#### EXERCISE
Each line from the one containing "小学校合唱団と東保育園年長のみなさん" through the last line of the data below is to be written out verbatim, and nothing more.

#### SOURCE DATA
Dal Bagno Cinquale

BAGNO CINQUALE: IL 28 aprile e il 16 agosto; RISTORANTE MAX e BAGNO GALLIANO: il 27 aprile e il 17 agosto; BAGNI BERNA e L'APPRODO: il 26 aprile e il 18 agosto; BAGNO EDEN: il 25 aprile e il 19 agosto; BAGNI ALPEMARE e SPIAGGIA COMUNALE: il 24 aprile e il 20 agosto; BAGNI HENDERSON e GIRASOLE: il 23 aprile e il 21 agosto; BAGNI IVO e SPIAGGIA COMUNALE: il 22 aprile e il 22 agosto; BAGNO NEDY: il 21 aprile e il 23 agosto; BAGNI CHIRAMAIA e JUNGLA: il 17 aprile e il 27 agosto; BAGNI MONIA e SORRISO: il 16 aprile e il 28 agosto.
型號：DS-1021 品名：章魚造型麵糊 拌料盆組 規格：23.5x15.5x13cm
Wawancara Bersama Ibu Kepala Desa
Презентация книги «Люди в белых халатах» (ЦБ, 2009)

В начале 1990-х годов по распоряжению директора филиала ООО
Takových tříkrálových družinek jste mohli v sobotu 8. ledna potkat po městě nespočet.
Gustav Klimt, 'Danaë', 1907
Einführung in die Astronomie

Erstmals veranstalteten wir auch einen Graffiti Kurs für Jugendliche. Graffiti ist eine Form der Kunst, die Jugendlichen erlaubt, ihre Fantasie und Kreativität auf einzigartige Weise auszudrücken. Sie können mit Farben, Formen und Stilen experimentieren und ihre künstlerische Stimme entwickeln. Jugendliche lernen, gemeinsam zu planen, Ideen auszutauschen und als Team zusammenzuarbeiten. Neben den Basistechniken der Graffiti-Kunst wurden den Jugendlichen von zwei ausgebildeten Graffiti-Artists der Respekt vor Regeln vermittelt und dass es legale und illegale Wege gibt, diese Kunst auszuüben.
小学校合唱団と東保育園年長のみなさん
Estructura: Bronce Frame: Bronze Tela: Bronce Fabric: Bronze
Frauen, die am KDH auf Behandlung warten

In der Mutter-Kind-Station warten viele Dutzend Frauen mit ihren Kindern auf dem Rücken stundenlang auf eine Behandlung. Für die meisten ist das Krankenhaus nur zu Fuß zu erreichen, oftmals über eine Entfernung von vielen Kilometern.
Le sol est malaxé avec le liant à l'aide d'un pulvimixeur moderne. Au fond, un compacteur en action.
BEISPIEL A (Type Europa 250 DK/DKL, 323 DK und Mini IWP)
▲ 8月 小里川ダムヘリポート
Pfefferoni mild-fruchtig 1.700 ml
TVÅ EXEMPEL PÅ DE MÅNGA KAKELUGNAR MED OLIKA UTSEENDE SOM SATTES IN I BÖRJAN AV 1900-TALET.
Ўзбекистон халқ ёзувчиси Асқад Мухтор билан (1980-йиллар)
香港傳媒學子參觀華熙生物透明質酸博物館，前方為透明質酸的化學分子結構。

#### OUTPUT BELOW
小学校合唱団と東保育園年長のみなさん
Estructura: Bronce Frame: Bronze Tela: Bronce Fabric: Bronze
Frauen, die am KDH auf Behandlung warten

In der Mutter-Kind-Station warten viele Dutzend Frauen mit ihren Kindern auf dem Rücken stundenlang auf eine Behandlung. Für die meisten ist das Krankenhaus nur zu Fuß zu erreichen, oftmals über eine Entfernung von vielen Kilometern.
Le sol est malaxé avec le liant à l'aide d'un pulvimixeur moderne. Au fond, un compacteur en action.
BEISPIEL A (Type Europa 250 DK/DKL, 323 DK und Mini IWP)
▲ 8月 小里川ダムヘリポート
Pfefferoni mild-fruchtig 1.700 ml
TVÅ EXEMPEL PÅ DE MÅNGA KAKELUGNAR MED OLIKA UTSEENDE SOM SATTES IN I BÖRJAN AV 1900-TALET.
Ўзбекистон халқ ёзувчиси Асқад Мухтор билан (1980-йиллар)
香港傳媒學子參觀華熙生物透明質酸博物館，前方為透明質酸的化學分子結構。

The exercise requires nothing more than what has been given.